No podemos no tener muy presentes algunas acciones que han tirado a la basura la riqueza nacional que hace falta a todos, primero a los pobres: cuántos miles de millones perdimos con la suspensión del aeropuerto internacional de la ciudad de México. Es una cantidad fabulosa, inimaginable, que no cabe en la mente de una persona sencilla.

Hay que ver todo el dinero que se inyecta a Pemex, una empresa que gratísima y obsoleta, lo que se destina al tren maya, a la refinería Dos Bocas, al aeropuerto Felipe Ángeles, tan limitado y pobre en la opinión de los científicos que sí saben, no de los políticos afines.

La gran conquista democrática, el ejercicio de la revocación de mandato es una maraña de contradicciones: ¿qué es lo que realmente quiere el primer mandatario? Es algo secreto su verdadera intención que podemos, sin embargo, conjeturar o adivinar.
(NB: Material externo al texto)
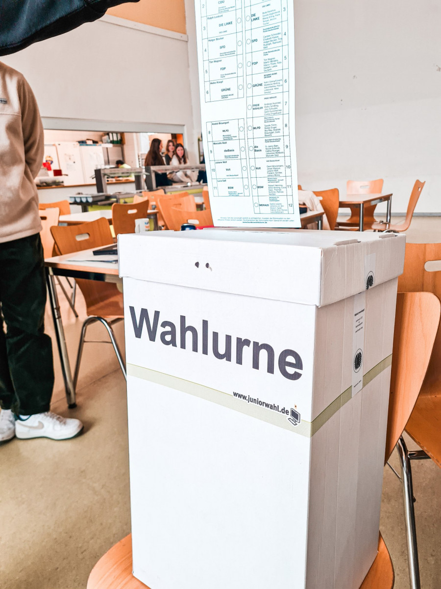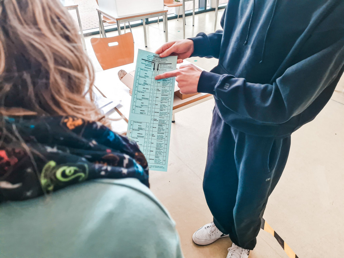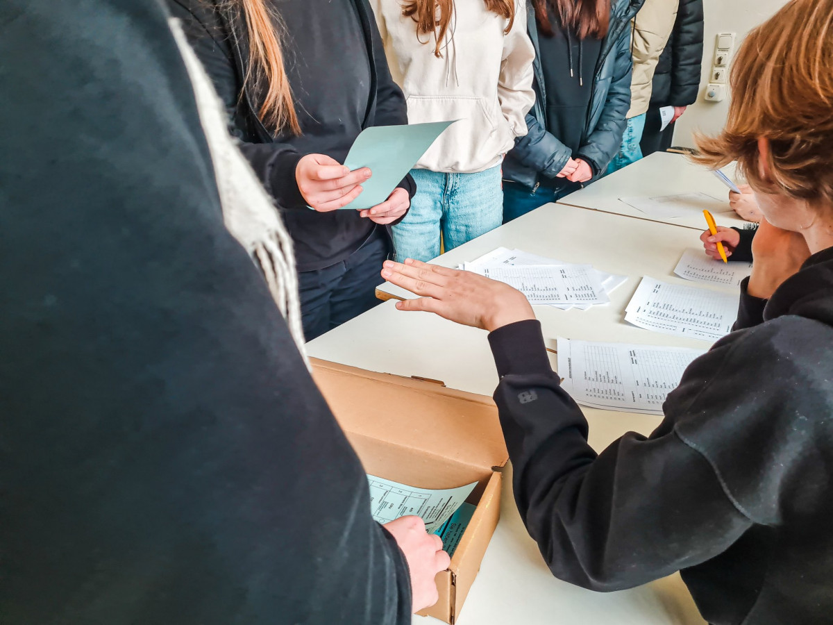 Der Aufbau des Wahllokals in der Aula begann an Montag um 7:30 Uhr, sodass um 08:00 Uhr die Juniorwahl starten konnte. Die Schüler*innen konnten von der 1. bis zur 5. Stunde ihre Stimmen abgeben. Das 1. Team der Wahlhelfer*innen übernahm den Einlass und gab ein paar Infos zur Wahl. Team 2 sammelte die Wahlbenachrichtigungen der Schüler*innen ein. Anschließend sorgten sie für die Verteilung Stimmzettel und kreuzten die Namen der Kinder und Jugendlichen auf den Wählerlisten ab. Die Aufsicht im Wahllokal übernahm das 3. Team. Jeder gab nach der Wahl bei Team 4 seinen Stimmzettel ab und anschließend wurde Name des*r Schüler*in abgehakt.

No se trata de la revocación de mandato de parte de los ciudadanos que están hartos del presidente. Es una iniciativa propagandística para confirmar en el poder a alguien que ya está bien clasificado en los sondeos de opinión. Se van a gastar miles de millones de pesos para satisfacer la vanidad y los intereses de un mexicano y a sus hordas, mientras millones de mexicanos no tienen atención médica digna y eficiente ni les alcanza para comprar la canasta básica por una inflación que se le salió de control.

La luz de lo alto

Lo que Andrés Manuel pretende con su gran Transformación es el modelo de país que nos conviene o es un régimen de poder opresivo y totalitario de acuerdo a su ideología totalitaria y a su ambición de poder. Estos poderes terminan en la tiranía que significa exterminio, violación de derechos humanos, llegando hasta el exterminio en los campos de concentración y la muerte lenta de un pueblo por hambre de pan y de libertad.

Es abominable el recuerdo de los tiranos, Stalin, Hitler y entre nosotros la sucesión de Hugo Chávez, un Dios creó al hombre con sabiduría y los dirige con amor.

Hay que saber leer entre líneas, bajo la superficie del lenguaje populista y autocrático, las verdaderas intenciones de quitar los obstáculos para demoler la democracia e imponer el poder autoritario de un Caudillo que se toma por el salvador de México, que se pretende indispensable y dotado de cualidades y poderes divinos. Así como se creyó Luzbel que es padre de la mentira.

Todos los mexicanos sabios y demócratas debemos estar vigilantes y no dejar que el país caiga en la dictadura de izquierda o de derecha. Se cae fácil y rápidamente y después es eterno, imposible sacudirse el yugo del tirano, la navaja en el cuello, las botas que te pisotean, hay que voltear a Cuba.

Es de importancia absoluta servir a México y no a un individuo que promete todo y reparte el dinero de los impuestos, no a una tribu que no reflexiona y reacciona con las vísceras porque está fanatizada y aplauden cualquier gesto o palabra de su ídolo.

Ah, si los gobernantes tuvieran la fe de Jesucristo y recibieran de Dios su misión de gobernar, no para aplastar y enriquecerse y perpetuarse en el poder, olvidando la alternancia, sino para servir a los débiles y a los humildes y realizar en el país el Proyecto de Dios.

El presidente Joe Biden es católico y muestra conocimientos y convicciones de la fe de Jesucristo, aunque a veces cede como en el caso del aborto. México ha tenido presidentes católicos: puede la victoria y otros como Felipe Calderón. El Nuncio apostólico Cristoph Pierre afirmaba de este: México tiene un presidente católico.

En la fe de Cristo, tenemos criterios muy sólidos, recibidos de la sabiduría de Dios para velar por el progreso y la paz de México, Jesucristo. En Cristo tenemos el modelo de un buen presidente: está en medio de los suyos como el último de todos, como el que sirve, que lava los pies a sus discípulos.